His grin collapsed as if pierced by my sharpness. “I only meant has he been naughty.”
“What else d
o you think he could mean, Dominic?”
“I’m sorry, Toby. I’m a bit worried, that’s all.” This was certainly true, though not the understatement. “You don’t need to be,” I assured him.
“Shall we talk about it later, then? Toby’s got something to show you.”
Lesley steered me towards the kitchen without quite touching my arm. The table was arrayed with crayons, lined up in the order of the spectrum, though I couldn’t recall when Toby had started arranging his crayons that I way. He’d been filling in an enormous yellow full moon that hung above a row of spiky black trees. “He’s illustrating his story,” Lesley said.
A sheet of paper next to the picture was covered with his small handwriting, which had already earned him Mrs Dixon’s praise for neatness. I read the first words and felt as though the breath I’d taken had lodged like an obstruction in my chest. Once upon a time there lived a boy called To who could fly. Every night he flew past the moon and all our planets to play with the stars. Before I could restrain myself I demanded “Why is he called that?”
“Why would he be, Dominic? What do you think it could be short for?”
Of course Lesley meant Toby. No doubt this was likelier than Toph, but I wished she had let Toby answer for himself.
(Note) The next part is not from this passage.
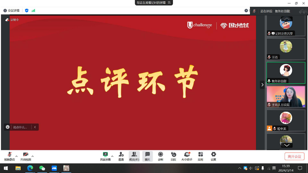 教务处副处长田甜与外国语学院副院长陈锋均对辩手们的精彩表现予以高度认可。田甜深入剖析了辩手们在辩论技巧、论据支撑、逻辑结构以及语言表达等方面的出色表现,并提供了宝贵的反馈与建议,鼓励同学们积极参与辩论活动,不断提升思辨能力。她特别肯定了外国语学院在学科竞赛中的优异表现,希望同学们能珍惜机会,为未来的学术研究和职业发展打下坚实基础。陈锋则对教务处的支持表示感谢,他强调外国语学院将继续深化与教务处的合作,认真组织好承办的各类学科竞赛,培养和选拔出更多更优秀的外语创新型人才。

I read to the end—the boy To rode away on a comet, which carried him through galaxies and eventually into a black hole from which he emerged earlier than he’d begun his voyage across the universe, letting him return home for a full night’s sleep to be ready for his parents when they came to waken him. “Very imaginative, Toby,” I said, trying to mean no more than that. “It’s better than I could have written at your age.”
“Just finish off your moon,” Lesley said, “and then we’ll have dinner.”